ASSIGNED TASK:
Repeat precisely the span of lines below that opens with the line containing "Bu kart Visa" and closes with the line containing "Disintegration time affects", both included.

--- EXERCISE MATERIALS ---

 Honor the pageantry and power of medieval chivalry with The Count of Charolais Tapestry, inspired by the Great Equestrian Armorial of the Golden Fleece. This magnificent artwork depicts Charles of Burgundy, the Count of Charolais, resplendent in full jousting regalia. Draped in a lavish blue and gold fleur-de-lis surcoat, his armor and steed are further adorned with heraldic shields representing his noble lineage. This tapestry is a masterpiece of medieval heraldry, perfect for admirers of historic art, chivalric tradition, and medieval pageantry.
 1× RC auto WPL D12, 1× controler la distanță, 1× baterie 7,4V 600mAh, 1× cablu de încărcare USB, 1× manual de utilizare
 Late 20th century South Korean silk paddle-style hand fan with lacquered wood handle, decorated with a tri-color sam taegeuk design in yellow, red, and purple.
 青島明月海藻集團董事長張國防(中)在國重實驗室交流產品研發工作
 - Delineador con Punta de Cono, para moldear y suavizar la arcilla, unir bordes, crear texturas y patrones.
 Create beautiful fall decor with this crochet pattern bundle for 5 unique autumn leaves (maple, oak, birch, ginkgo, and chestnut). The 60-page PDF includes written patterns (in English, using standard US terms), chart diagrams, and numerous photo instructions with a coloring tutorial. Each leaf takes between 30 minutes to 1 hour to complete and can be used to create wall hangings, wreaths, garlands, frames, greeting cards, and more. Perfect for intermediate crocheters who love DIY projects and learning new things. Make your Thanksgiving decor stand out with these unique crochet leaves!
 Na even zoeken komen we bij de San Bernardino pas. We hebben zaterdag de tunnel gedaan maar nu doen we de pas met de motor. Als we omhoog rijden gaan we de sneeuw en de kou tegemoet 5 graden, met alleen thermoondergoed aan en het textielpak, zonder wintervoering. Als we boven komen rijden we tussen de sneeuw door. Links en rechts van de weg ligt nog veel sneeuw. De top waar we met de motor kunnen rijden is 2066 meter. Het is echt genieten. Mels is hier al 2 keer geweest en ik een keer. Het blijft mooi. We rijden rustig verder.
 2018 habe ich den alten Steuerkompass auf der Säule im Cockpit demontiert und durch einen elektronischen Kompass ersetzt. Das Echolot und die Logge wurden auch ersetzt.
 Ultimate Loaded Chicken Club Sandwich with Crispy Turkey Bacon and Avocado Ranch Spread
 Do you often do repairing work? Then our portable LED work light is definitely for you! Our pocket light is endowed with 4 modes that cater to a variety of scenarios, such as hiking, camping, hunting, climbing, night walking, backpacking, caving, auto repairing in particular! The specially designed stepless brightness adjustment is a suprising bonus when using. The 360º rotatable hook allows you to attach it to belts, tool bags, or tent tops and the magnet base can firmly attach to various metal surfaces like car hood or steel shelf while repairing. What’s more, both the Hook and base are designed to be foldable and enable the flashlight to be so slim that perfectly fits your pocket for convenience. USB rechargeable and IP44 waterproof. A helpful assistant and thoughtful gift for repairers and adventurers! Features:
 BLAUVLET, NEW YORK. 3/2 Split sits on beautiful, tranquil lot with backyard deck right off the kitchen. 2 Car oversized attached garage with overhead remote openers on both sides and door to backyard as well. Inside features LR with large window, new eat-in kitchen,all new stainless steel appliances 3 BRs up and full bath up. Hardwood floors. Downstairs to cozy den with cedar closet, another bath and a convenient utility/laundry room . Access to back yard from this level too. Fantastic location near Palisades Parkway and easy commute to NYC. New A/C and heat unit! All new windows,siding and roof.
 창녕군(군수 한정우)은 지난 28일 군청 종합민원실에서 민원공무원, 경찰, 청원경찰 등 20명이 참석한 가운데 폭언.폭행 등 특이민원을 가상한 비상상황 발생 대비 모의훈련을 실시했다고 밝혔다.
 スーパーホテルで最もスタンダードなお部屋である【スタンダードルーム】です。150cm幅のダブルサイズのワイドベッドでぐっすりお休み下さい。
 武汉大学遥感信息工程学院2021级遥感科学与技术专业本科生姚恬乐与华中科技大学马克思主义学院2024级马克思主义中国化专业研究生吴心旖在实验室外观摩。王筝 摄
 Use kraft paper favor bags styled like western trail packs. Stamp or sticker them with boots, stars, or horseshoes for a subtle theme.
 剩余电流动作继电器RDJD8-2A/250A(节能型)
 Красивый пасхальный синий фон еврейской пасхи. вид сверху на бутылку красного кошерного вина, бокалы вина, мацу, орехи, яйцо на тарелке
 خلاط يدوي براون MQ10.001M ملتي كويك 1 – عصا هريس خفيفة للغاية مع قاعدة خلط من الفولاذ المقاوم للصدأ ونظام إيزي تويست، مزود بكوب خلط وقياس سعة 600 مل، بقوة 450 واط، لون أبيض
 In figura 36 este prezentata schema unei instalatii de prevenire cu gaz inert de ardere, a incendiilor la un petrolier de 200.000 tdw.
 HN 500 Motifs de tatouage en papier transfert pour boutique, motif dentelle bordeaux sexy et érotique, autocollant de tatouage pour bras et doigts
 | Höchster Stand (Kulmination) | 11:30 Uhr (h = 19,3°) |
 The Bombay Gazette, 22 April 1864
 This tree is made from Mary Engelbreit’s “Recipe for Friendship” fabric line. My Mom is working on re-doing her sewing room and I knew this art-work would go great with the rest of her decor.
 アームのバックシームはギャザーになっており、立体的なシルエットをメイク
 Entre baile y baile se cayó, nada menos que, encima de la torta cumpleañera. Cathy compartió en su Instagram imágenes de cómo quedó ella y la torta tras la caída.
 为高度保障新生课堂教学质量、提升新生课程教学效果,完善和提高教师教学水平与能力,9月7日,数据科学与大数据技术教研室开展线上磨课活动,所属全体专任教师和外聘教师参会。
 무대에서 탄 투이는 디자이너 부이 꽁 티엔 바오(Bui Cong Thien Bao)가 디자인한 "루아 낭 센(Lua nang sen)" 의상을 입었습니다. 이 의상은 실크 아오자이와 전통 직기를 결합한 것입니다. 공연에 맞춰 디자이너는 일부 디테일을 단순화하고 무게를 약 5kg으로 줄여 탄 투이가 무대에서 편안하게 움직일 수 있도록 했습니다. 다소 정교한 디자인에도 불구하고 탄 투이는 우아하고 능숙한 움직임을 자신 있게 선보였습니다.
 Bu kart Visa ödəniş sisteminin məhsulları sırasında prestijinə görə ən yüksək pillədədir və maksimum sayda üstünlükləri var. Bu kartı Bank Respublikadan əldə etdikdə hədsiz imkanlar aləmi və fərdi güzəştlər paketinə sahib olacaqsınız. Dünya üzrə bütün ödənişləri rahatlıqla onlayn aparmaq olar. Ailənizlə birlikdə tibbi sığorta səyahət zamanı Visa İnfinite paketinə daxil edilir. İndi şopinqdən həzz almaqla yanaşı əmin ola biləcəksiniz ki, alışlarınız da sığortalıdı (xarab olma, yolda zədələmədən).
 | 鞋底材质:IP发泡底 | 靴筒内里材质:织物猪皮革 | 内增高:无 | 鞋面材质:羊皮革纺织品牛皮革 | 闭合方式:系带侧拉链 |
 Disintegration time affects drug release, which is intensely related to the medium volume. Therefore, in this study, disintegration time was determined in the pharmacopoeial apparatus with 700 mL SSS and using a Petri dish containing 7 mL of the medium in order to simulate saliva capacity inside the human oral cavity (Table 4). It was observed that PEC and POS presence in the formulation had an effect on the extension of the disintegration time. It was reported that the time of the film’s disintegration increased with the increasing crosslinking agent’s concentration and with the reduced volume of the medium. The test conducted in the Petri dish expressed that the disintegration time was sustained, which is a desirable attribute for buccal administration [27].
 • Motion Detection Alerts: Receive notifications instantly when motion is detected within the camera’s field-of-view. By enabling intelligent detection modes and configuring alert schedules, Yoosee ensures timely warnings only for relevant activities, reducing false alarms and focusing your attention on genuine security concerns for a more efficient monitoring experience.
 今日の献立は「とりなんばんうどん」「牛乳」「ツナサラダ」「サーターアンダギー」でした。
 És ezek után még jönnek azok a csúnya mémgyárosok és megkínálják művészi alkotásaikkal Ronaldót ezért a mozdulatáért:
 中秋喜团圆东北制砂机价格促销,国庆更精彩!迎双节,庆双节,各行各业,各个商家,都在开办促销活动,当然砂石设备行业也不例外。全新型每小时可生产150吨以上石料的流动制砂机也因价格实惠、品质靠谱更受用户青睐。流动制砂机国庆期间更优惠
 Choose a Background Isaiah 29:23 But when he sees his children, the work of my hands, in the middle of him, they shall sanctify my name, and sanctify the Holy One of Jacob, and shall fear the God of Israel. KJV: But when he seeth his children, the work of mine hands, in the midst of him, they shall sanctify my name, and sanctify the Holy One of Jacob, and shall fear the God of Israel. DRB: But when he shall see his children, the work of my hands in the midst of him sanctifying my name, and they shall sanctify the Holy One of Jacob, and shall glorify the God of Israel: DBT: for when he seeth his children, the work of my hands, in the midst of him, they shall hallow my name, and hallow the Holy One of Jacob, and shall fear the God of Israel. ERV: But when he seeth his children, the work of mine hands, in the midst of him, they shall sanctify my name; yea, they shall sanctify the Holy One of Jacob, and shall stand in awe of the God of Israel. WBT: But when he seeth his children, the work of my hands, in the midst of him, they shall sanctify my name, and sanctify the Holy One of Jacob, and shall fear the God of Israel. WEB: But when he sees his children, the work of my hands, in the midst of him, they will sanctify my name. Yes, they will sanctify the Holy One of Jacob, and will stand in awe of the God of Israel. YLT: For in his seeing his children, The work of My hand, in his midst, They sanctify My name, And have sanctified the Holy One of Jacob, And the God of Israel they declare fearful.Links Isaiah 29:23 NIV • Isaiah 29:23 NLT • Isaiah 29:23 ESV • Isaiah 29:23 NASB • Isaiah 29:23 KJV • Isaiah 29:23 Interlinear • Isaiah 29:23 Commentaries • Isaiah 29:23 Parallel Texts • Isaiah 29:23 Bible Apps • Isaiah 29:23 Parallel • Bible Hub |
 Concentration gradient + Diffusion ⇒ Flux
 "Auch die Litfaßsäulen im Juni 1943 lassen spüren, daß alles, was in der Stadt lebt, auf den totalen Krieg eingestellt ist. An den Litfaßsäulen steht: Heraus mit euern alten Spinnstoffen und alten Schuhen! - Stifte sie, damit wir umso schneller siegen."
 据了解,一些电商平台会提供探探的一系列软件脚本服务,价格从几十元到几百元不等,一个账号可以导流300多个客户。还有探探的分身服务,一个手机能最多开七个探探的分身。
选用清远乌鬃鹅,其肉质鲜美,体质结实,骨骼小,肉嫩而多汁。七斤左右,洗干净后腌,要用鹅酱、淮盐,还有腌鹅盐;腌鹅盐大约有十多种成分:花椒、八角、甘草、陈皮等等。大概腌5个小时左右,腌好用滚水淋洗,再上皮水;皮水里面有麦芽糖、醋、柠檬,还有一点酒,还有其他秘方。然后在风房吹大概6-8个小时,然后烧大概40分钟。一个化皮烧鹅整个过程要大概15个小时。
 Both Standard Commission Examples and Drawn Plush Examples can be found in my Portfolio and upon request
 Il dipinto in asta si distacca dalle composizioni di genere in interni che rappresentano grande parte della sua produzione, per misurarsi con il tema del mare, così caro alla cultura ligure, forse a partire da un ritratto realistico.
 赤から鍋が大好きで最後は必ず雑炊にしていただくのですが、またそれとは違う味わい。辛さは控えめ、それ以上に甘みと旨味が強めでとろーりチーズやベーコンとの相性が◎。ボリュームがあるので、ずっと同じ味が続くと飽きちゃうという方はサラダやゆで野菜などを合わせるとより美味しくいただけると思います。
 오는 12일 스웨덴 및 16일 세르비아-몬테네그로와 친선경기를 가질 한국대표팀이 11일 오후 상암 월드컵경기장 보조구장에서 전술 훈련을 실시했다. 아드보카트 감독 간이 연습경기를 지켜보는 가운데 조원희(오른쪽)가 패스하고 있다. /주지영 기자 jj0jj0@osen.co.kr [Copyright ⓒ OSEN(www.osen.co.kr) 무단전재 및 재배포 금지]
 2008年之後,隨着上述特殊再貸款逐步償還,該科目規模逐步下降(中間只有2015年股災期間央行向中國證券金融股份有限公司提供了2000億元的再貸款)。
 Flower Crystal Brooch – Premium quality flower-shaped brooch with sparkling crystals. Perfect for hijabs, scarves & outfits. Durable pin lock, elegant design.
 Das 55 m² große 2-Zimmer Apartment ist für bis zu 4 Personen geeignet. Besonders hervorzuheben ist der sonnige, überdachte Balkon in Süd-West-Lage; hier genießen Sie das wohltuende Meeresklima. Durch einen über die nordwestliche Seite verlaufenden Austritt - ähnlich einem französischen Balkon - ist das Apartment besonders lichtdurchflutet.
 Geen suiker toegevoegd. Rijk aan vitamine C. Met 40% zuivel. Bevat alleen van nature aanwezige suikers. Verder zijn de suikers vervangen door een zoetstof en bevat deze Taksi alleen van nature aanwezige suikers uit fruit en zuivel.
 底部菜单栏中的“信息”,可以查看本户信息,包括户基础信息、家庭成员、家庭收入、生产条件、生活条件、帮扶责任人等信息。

---

RESPONSE TO THE TASK:
 Bu kart Visa ödəniş sisteminin məhsulları sırasında prestijinə görə ən yüksək pillədədir və maksimum sayda üstünlükləri var. Bu kartı Bank Respublikadan əldə etdikdə hədsiz imkanlar aləmi və fərdi güzəştlər paketinə sahib olacaqsınız. Dünya üzrə bütün ödənişləri rahatlıqla onlayn aparmaq olar. Ailənizlə birlikdə tibbi sığorta səyahət zamanı Visa İnfinite paketinə daxil edilir. İndi şopinqdən həzz almaqla yanaşı əmin ola biləcəksiniz ki, alışlarınız da sığortalıdı (xarab olma, yolda zədələmədən).
 | 鞋底材质:IP发泡底 | 靴筒内里材质:织物猪皮革 | 内增高:无 | 鞋面材质:羊皮革纺织品牛皮革 | 闭合方式:系带侧拉链 |
 Disintegration time affects drug release, which is intensely related to the medium volume. Therefore, in this study, disintegration time was determined in the pharmacopoeial apparatus with 700 mL SSS and using a Petri dish containing 7 mL of the medium in order to simulate saliva capacity inside the human oral cavity (Table 4). It was observed that PEC and POS presence in the formulation had an effect on the extension of the disintegration time. It was reported that the time of the film’s disintegration increased with the increasing crosslinking agent’s concentration and with the reduced volume of the medium. The test conducted in the Petri dish expressed that the disintegration time was sustained, which is a desirable attribute for buccal administration [27].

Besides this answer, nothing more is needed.